Where the listing below has a line with "Somebody just left", write out exactly that line and every line after it, stopping after the line with "Kolczyki z wiśniowym bursztynem KWIATY".
-------- Information given --------
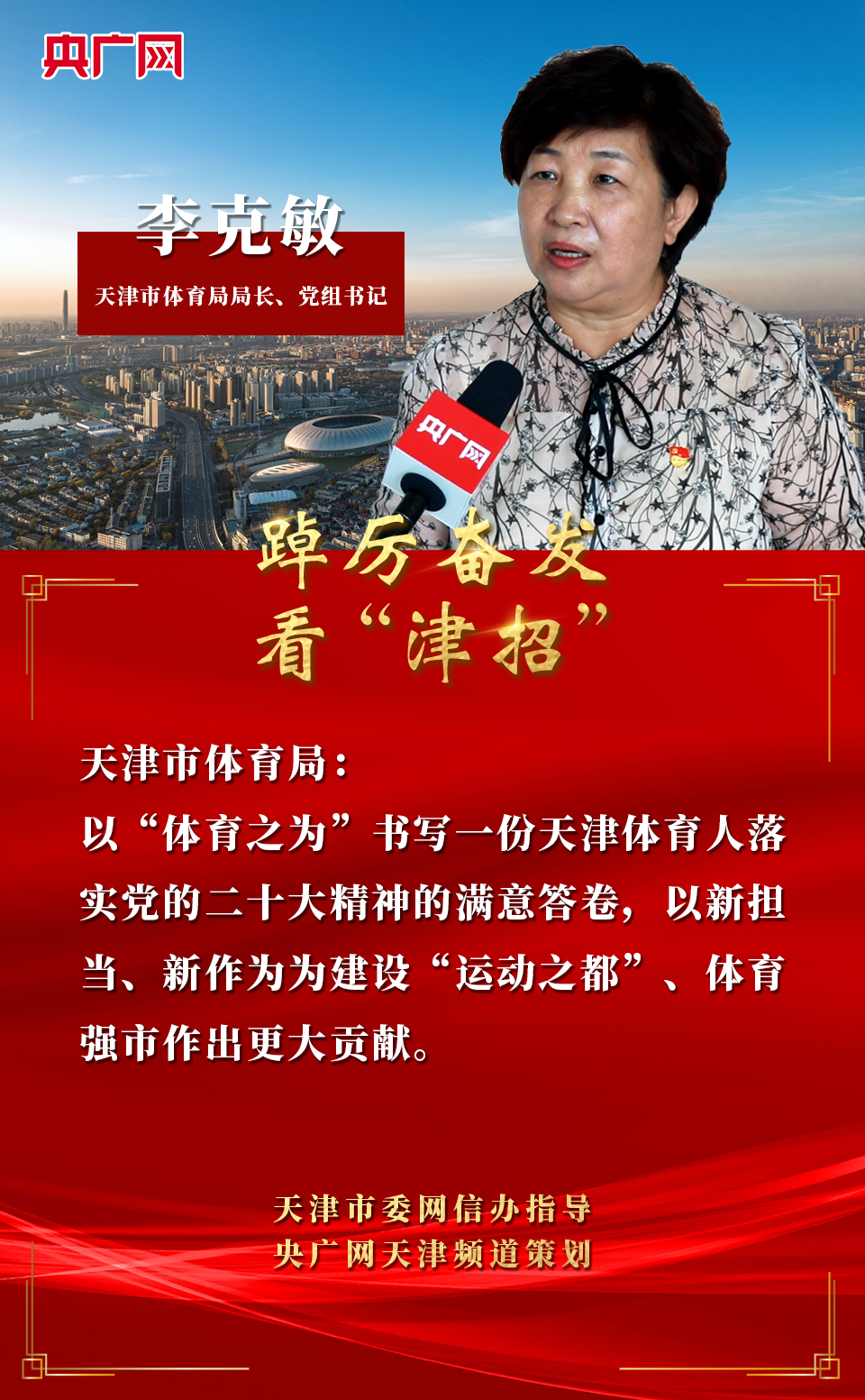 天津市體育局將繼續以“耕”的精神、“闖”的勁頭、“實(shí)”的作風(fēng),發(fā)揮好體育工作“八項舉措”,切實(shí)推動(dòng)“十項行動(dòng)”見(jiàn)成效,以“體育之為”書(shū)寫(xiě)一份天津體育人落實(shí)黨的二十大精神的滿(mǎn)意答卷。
--------
-------- Information given --------
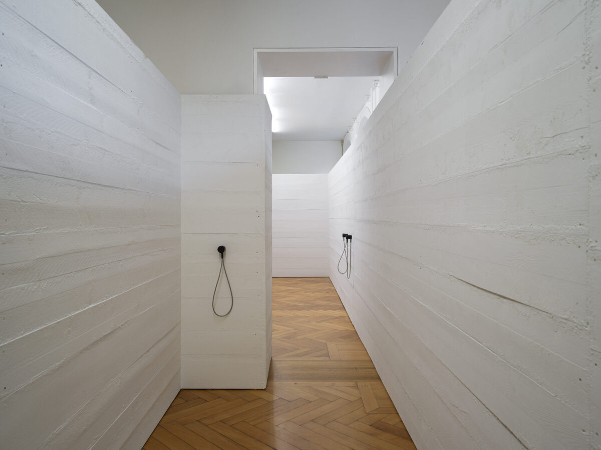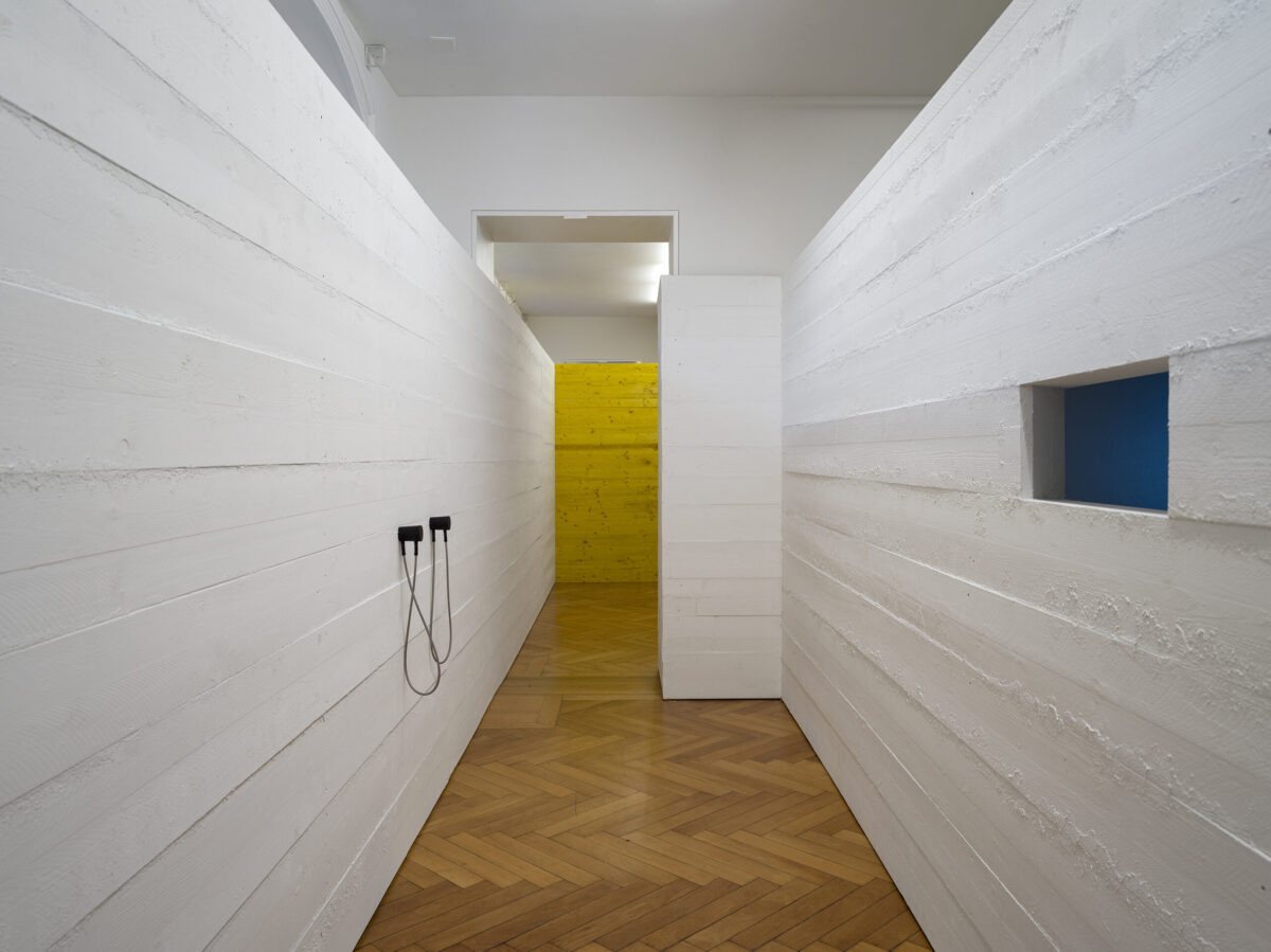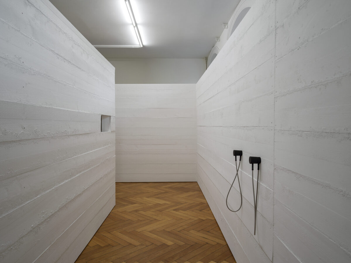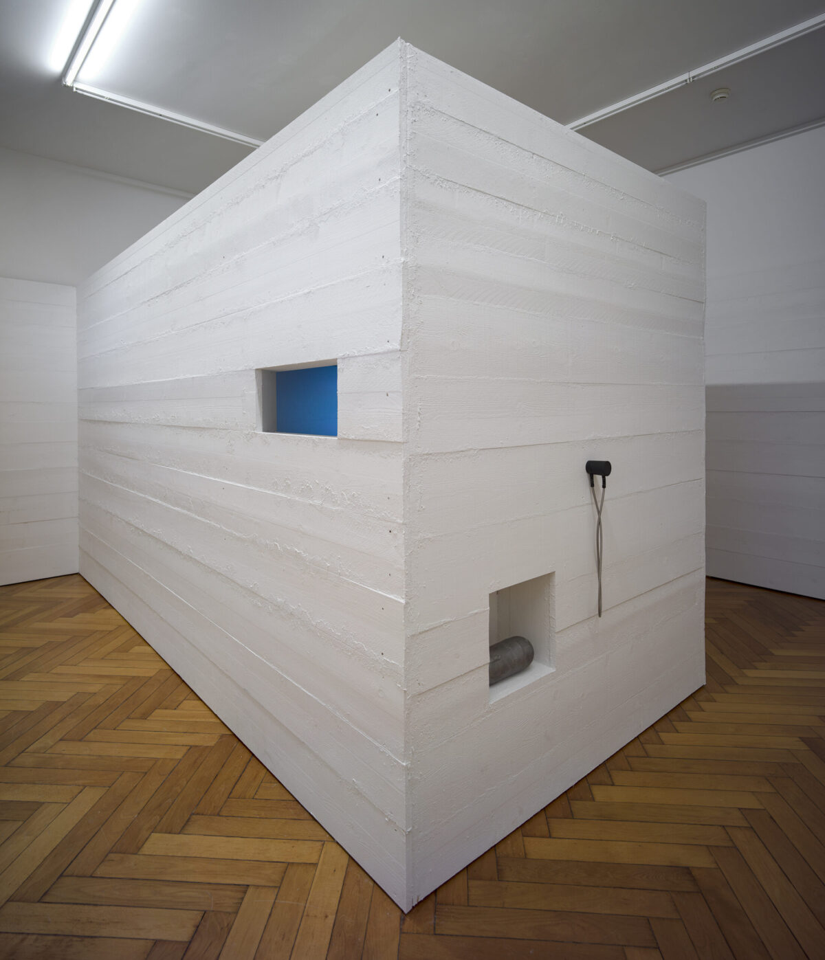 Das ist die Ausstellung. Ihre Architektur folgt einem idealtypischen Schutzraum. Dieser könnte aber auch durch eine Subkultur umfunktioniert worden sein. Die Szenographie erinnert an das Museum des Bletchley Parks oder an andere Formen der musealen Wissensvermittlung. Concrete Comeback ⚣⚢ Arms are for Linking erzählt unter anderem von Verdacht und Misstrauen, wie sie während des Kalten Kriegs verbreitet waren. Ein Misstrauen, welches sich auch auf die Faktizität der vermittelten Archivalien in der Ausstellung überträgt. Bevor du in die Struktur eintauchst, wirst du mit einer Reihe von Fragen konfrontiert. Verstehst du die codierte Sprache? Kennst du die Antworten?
--------
-------- Information given --------
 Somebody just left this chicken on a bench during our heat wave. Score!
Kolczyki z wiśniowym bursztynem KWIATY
--------
* _Expected output_:
 Somebody just left this chicken on a bench during our heat wave. Score!
Kolczyki z wiśniowym bursztynem KWIATY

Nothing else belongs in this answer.